Okay. Dear visitors, thank you for your kind interest. I am a 32 year old Australian woman and I am five years into a PhD in the English department at a smallish, marginalish, nouveauish, leftish, beleagueredish Melbourne university called La Trobe. I teach there, too, and as of July, I'll be doing part of that teaching at one of the little country campuses, which is located at a middling sized agricultural / mining region centre a 90 minute plane ride away from here.
Apart from two misguided years spent studying fine art (drawing), my entire university education has taken place within the same institution, so I'm not the best judge of how my disciplinary horizon of expectations varies from other peoples', nor really of where it sits on the spectrum of available positions. One thing i can say, though, is that most of the reasons Matthew Arnold adduced in favour of paying attention to those who "have laboured to divest knowledge of all that was harsh, uncouth, difficult, abstract, professional, exclusive; to humanise it, to make it efficient outside the clique of the cultivated and learned, yet still remaining the best knowledge and thought of the time" make a great deal of sense to me, (though some of the things I'd nominate in that category would no doubt be regarded by Arnold as the work of the antichrist.) I suppose this makes me look very conservative, but I don't see myself that way, in part because I insist on reserving the right to re-read and re-purpose, for my present uses, disputed and cast-out documents (like Culture and Anarchy), even and especially the ones that have acquired troubling auras and corollas, in consequence of tendencies and histories that have opened up in their wakes.
Another thing - I don't flatter myself that anyone actually cares what I think of Arnold or Hazlitt or I.A. Richards or Q.D. Leavis, or Derrida or Genette or Meaghan Morris or Judith Butler, or delude myself that any of this actually matters. The Australian higher education system is in endgame, as far as the humanities are concerned, which obviously is a very, very bad thing, but one small personal compensation is that I'm entirely free of worries and intimidations connected to whether my attitudes might adversely affect future employment prospects, since those are simply non-existent.
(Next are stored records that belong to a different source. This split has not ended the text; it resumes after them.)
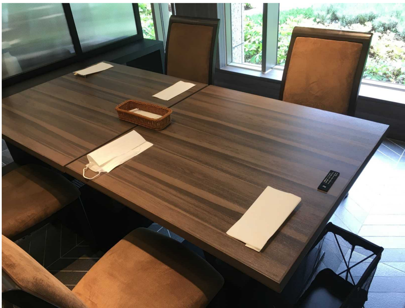
対面にならないよう配席
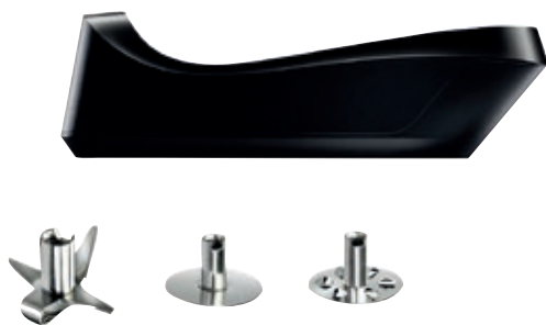
bamix® Cordless Plus
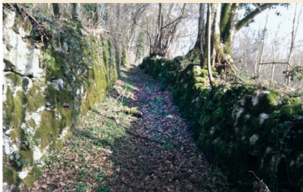
Viste di come si presenta il sentiero in molti dei suoi tratti (Foto Elio Dusso).

sua importanza bisogna premettere e ricordare che i traffici provenienti da nord attraverso il Tarvisiano (Canale del Ferro) convergevano a Paluzza, sulla via del passo di Montecroce Carnico, passando per la valle del torrente Pontebbana [...], il passo di Cason di Lanza, e poi il passo di col Duron, perché la forra del torrente Fella tra Pontebba e Chiusaforte era assolutamente impraticabile 6 . Per questo la valle del Tagliamento in prossimità dell'odierna Tolmezzo era un grande crocevia viario e commerciale. È naturale immaginare che talune persone e mercanzie dirette all'ovest, sulla pianura friulano-veneta non scendessero attraverso il percorso Amaro-Gemona, bensì da Zuglio per Enemonzo e Preone su Lestans, attraverso questa strada ancora tutta da riscoprire.
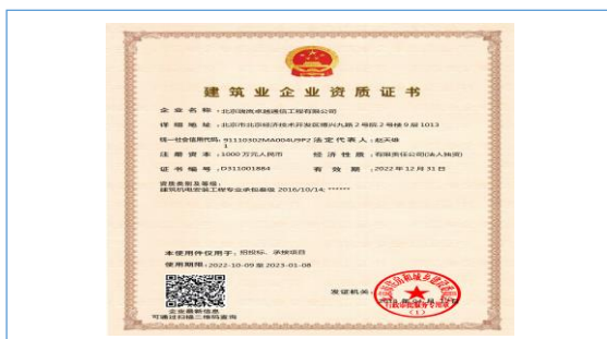
2022 年，子公司取得建筑机电安装工程专业承包叁级
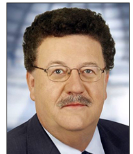
Hans-Joachim Fuchtel WK Calw

Unsere Landesgruppe wird im Bundeskabinett wieder prominent mit Frau Prof. Dr. Annette Schavan MdB als Bundesministerin für Bildung und Forschung und Herrn Dr. Wolfgang Schäuble MdB jetzt als Bundesminister der Finanzen vertreten sein. Hinzu kommen in der neuen Wahlperiode Frau Annette Widmann-Mauz MdB als Parlamentarische Staatssekretärin beim Bundesminister für Gesundheit und Hans-Joachim Fuchtel MdB als Parlamentarischer Staatssekretär beim Bundesminister für Arbeit und Soziales.
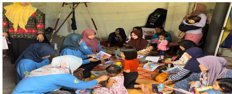
Gambar 2. Menunjukkan pemberian edukasi oleh tim pengabdian

Tabel 1 menunjukkan bahwa sebagian besar responden yang sudah di berikan edukasi memiliki pengetahuan yang baik tentang pertumbuhan anak dengan benar (87%), perkembangan anak (80%), deteksi dini tumbuh kembang (83%) dan pemberian stimulasi pada anak (80%).

My dissertation, of which I've written about 50,000 words out of the projected 80,000, is on the subject of literature-to-film adaptation. I recently listed here the key adaptations I'm writing about. The nature of the subject and the way I'm handling it (lots of close reading, lots of semi-theoretical stuff located in the interstices between adjacent fields, ie literary studies & film studies) mean, unfortunately, that I haven't accumulated much transferable in-depth experience, except on topics to do with expressive media and their special properties, and on the compound issue of reception, influence, and mimetic intertextuality. And of course I have the usual distorted estimate of the appeal of my research & regard these as the most important, urgent, interesting, meaningful topics ever.

Again, thank you for coming over. I'll see you around The Valve, hopefully.

3 comments:

R.H. said...

You can blush, but don't say shit. It clashes with your hairdo.

Ampersand Duck said...

{applause]
I did it the other way around; English MA then Art School. Hell, they feed together so well whichever way you do it.

You need to do what I'm contemplating doing -- move to something like Word Press, where you can catagorise your blog entries. That way you can give people archive reading choices (in my case, typesetting/bookbinding v's fun stuff). The only problem is that I know it would take me a full weekend to move blogs, and I'd rather be dressing my kitties.

lucy tartan said...

Category archives would be nice alright, but I'm too impressed with Blogger's pricing structure to contemplate moving.